WHAT TO DO >> The job is to output exactly the lines that run from the start of the entries through the line containing "Figure 2: Changa/Ketinting", pictures omitted.

--------------------------------------------------

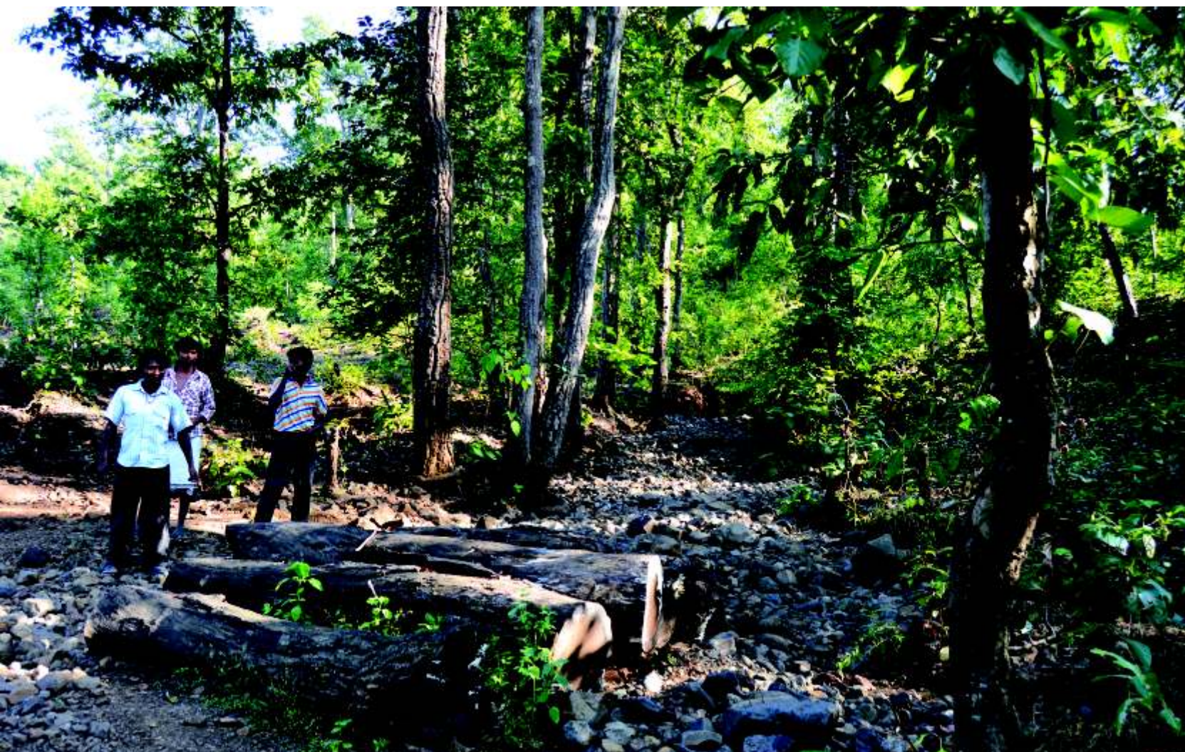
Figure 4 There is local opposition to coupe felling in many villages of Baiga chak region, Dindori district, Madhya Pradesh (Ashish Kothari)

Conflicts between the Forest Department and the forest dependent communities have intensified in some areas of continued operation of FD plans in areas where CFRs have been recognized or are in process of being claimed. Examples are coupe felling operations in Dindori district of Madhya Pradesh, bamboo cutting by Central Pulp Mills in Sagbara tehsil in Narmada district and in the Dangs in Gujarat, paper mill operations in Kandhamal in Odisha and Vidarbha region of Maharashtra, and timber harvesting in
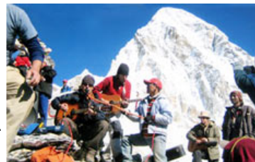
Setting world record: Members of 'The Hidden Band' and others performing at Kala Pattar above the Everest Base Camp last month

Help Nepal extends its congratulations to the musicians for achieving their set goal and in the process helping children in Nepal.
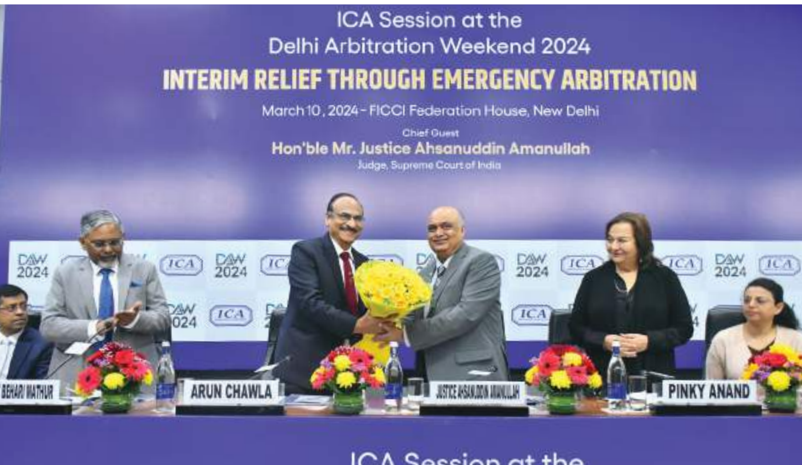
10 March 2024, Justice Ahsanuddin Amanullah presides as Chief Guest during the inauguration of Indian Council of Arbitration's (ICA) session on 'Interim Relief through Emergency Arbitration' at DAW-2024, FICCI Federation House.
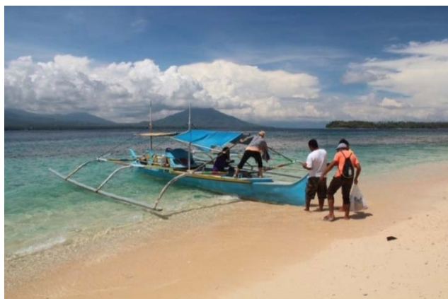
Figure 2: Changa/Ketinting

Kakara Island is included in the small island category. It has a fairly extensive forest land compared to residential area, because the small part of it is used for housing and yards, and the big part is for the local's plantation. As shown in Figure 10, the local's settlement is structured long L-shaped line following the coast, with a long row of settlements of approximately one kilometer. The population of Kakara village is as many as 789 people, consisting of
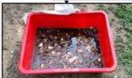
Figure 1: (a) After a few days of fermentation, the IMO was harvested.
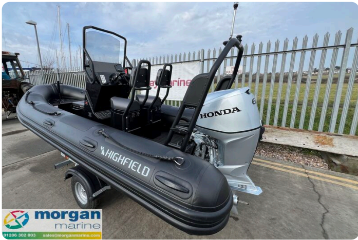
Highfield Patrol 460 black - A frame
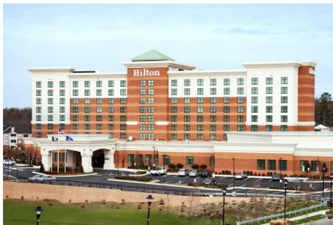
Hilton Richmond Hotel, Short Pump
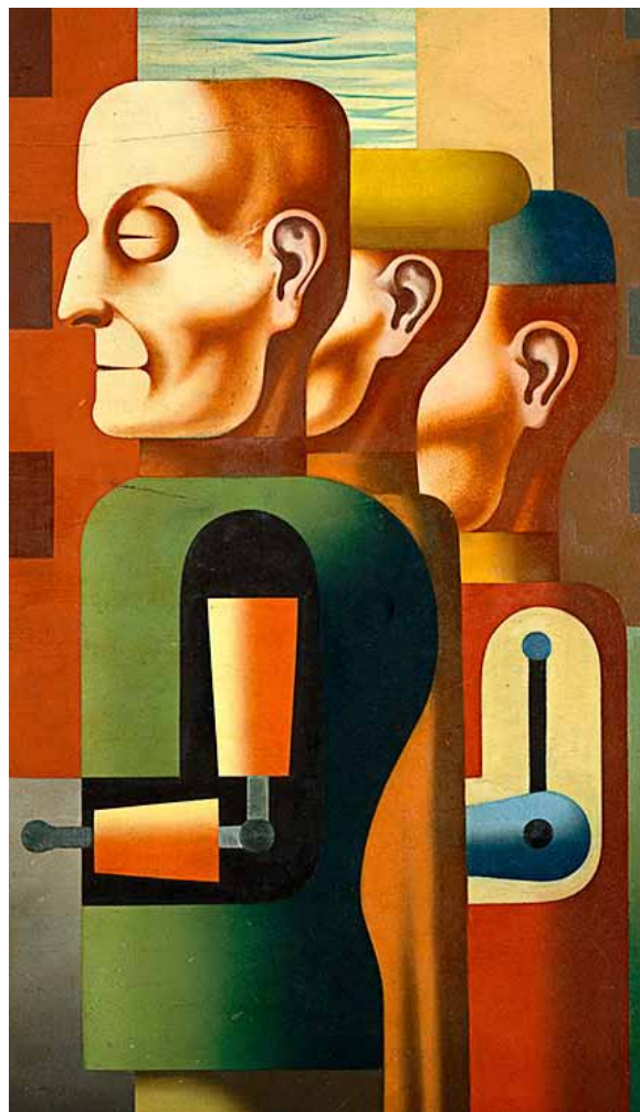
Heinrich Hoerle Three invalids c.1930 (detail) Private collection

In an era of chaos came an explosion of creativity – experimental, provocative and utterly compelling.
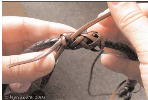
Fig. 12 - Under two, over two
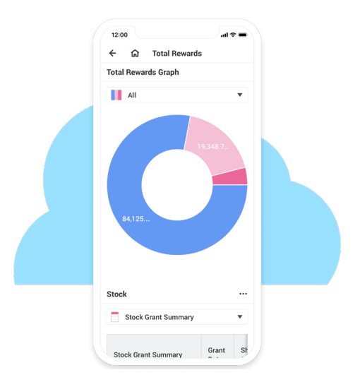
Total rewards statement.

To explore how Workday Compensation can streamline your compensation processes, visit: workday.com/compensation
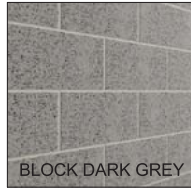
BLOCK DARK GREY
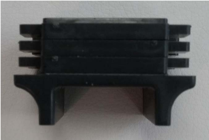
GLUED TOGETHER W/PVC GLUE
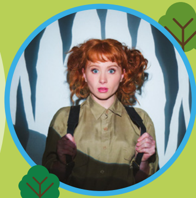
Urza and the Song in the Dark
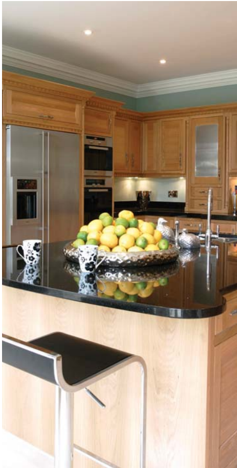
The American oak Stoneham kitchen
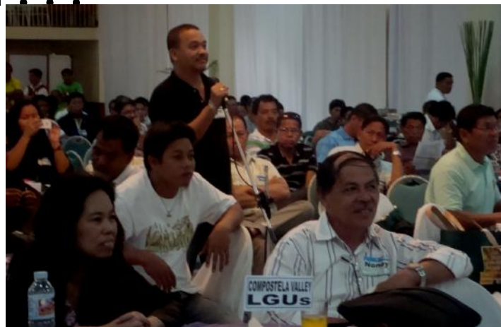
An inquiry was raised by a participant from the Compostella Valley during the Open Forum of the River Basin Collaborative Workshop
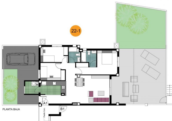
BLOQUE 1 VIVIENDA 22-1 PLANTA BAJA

--------------------------------------------------

WORKED SOLUTION >>
Figure 4 There is local opposition to coupe felling in many villages of Baiga chak region, Dindori district, Madhya Pradesh (Ashish Kothari)

Conflicts between the Forest Department and the forest dependent communities have intensified in some areas of continued operation of FD plans in areas where CFRs have been recognized or are in process of being claimed. Examples are coupe felling operations in Dindori district of Madhya Pradesh, bamboo cutting by Central Pulp Mills in Sagbara tehsil in Narmada district and in the Dangs in Gujarat, paper mill operations in Kandhamal in Odisha and Vidarbha region of Maharashtra, and timber harvesting in
Setting world record: Members of 'The Hidden Band' and others performing at Kala Pattar above the Everest Base Camp last month

Help Nepal extends its congratulations to the musicians for achieving their set goal and in the process helping children in Nepal.
10 March 2024, Justice Ahsanuddin Amanullah presides as Chief Guest during the inauguration of Indian Council of Arbitration's (ICA) session on 'Interim Relief through Emergency Arbitration' at DAW-2024, FICCI Federation House.
Figure 2: Changa/Ketinting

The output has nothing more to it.